The fleet continued these operations in October and November, including a sweep off the coast of Montenegro to cover a group of merchant vessels replenishing their coal there. Throughout this period, the battleships rotated through Malta or Toulon for periodic maintenance; Corfu became the primary naval base in the area. The patrols continued through late December, when an Austro-Hungarian U-boat torpedoed Jean Bart, leading to the decision by the French naval command to withdraw the main battle fleet from direct operations in the Adriatic. For the rest of the month, the fleet remained at Navarino Bay. The battle fleet thereafter occupied itself with patrols between Kythira and Crete; these sweeps continued until 7 May. Following the Italian entry into the war on the side of France, the French fleet handed control of the Adriatic operations to the Italian Regia Marina (Royal Navy) and withdrew its fleet to Malta and Bizerte, the latter becoming the main fleet base.

====1916–1918====
In January 1916, République joined the Allied fleet off the Dardanelles supporting the Gallipoli campaign then in its final stage. She and Gaulois covered the evacuation from Gallipoli shortly thereafter. Following the withdrawal from Gallipoli, the French transferred many of its pre-dreadnoughts, including République, to Salonika, Greece. These ships, comprising the five République- and Liberté-class battleships, were organized as the 3rd Squadron, and they were tasked with pressuring the Greek government. The Greek government, under King Constantine I, had thus far refused to enter the war on the side of the Allies, in large part due to Constantine's wife Sophie being the sister of Kaiser Wilhelm II. Over the course of June and July, the ships alternated between Salonika and Mudros, and later that month the fleet was transferred to Cephalonia.
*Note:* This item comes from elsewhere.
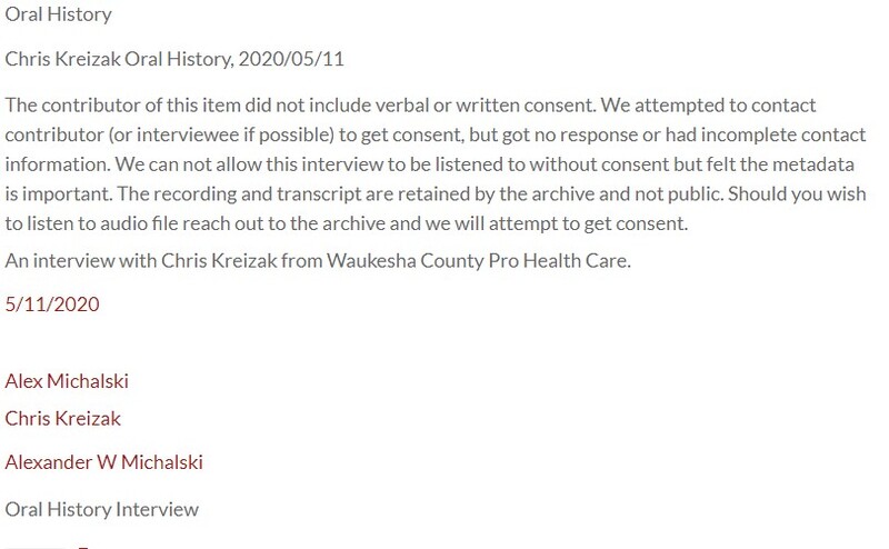The contributor of this item did not include verbal or written consent. We attempted to contact contributor (or interviewee if possible) to get consent, but got no response or had incomplete contact information. We can not allow this interview to be listened to without consent but felt the metadata is important. The recording and transcript are retained by the archive and not public. Should you wish to listen to audio file reach out to the archive and we will attempt to get consent.

In August, a pro-Allied group launched a coup against the monarchy in the Noemvriana, which the Allies sought to support. République contributed men to a landing party that went ashore in Athens on 1 December support the coup. The British and French troops were defeated by the Greek Army and armed civilians and were forced to withdraw to their ships, after which the British and French fleet imposed a blockade of the royalist-controlled parts of the country. By June 1917, Constantine had been forced to abdicate and the 3rd Squadron was disbanded; République and Patrie became the Eastern Naval Division and were sent to the eastern Mediterranean. While in Lemnos on the night of 17/18 November, République broke free from her anchors and ran aground in the harbor, though she was refloated with help from several tugboats and British vessels. In December, both ships had their center and aft casemate guns removed. The ships spent 1917 largely idle as men were withdrawn from the fleet's battleships for use in anti-submarine warships.
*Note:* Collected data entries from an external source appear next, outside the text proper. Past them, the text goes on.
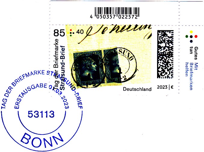 Die Marke zum Tag der Briefmarke 2023 wurde auch in einem Block (MiNr Block 91) gedruckt. Auf dem Blockrand wird ein weiterer Teil des Stralsund-Briefes gezeigt.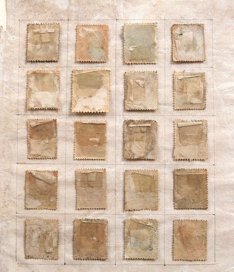 A good example is the project titled ‘A Foreign Country’ - I collected postage stamps when I was a boy - an early fascination with collisions of image and typography - and a few years ago began a long process of re-visiting my childhood collections, reversing all of the stamps and mounting them face down on hand-drawn gridded pages. This process followed a pattern I’d established back in the 90’s of reversing printed material, sometimes using the reverse as a surface to make images on, as in the projects made with maps, but also as an act of erasure - with the postage stamps I wanted to hide all references to countries, currencies, politicians and monarchs, and focus on the simple collector’s obsession with arranging pieces of paper on a gridded surface. At the same time it became a personal meditation on family, and memory, and loss.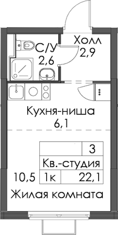 - Площадь22,1 м2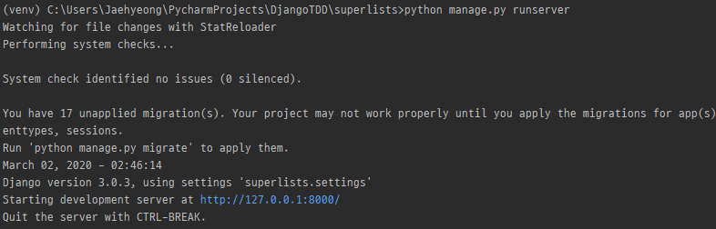 3.2 기본 Django 서버 구동 방법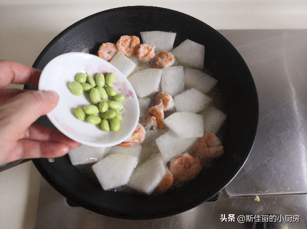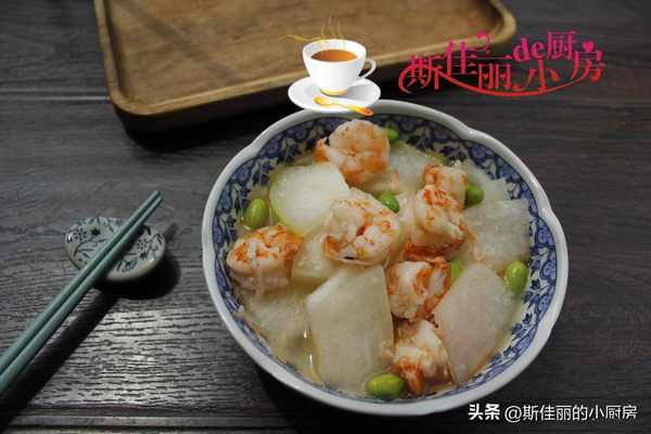原料: 冬瓜 鮮大蝦 毛豆米 料酒 淀粉 油鹽

On 20 January 1918, the French received word that the battlecruiser Goeben (now under the Ottoman flag as Yavuz Sultan Selim) would sortie, so République and Patrie prepared for action. The battlecruiser struck several naval mines, however, and broke off the attack so the French ships remained in port. Shortly thereafter, République steamed to Toulon for maintenance that lasted from 29 January to 19 February. This included replacing two of her 305 mm guns, but while this was being done, the shipyard received orders to turn both guns over to the French Army for field use. With only half of her main battery still mounted, République was then reduced to a training ship on 28 March.

===Postwar fate===
République continued in service as a training vessel after the war; on 1 July 1919 she was formally assigned to the school of armorers and gunners. On 2 October 1919, she went into drydock to have her main battery turrets removed, and her 164.7 mm casemate guns were also removed, though she retained the secondary turret guns. As more modern battleships were withdrawn from service in the postwar reduction in force, they displaced République. On 9 December 1920, the battleship took her place in the gunnery school. République was decommissioned on 21 May 1921 and stricken from the naval register on 29 June. In November, she was taken to Savona, Italy, where she was broken up for scrap.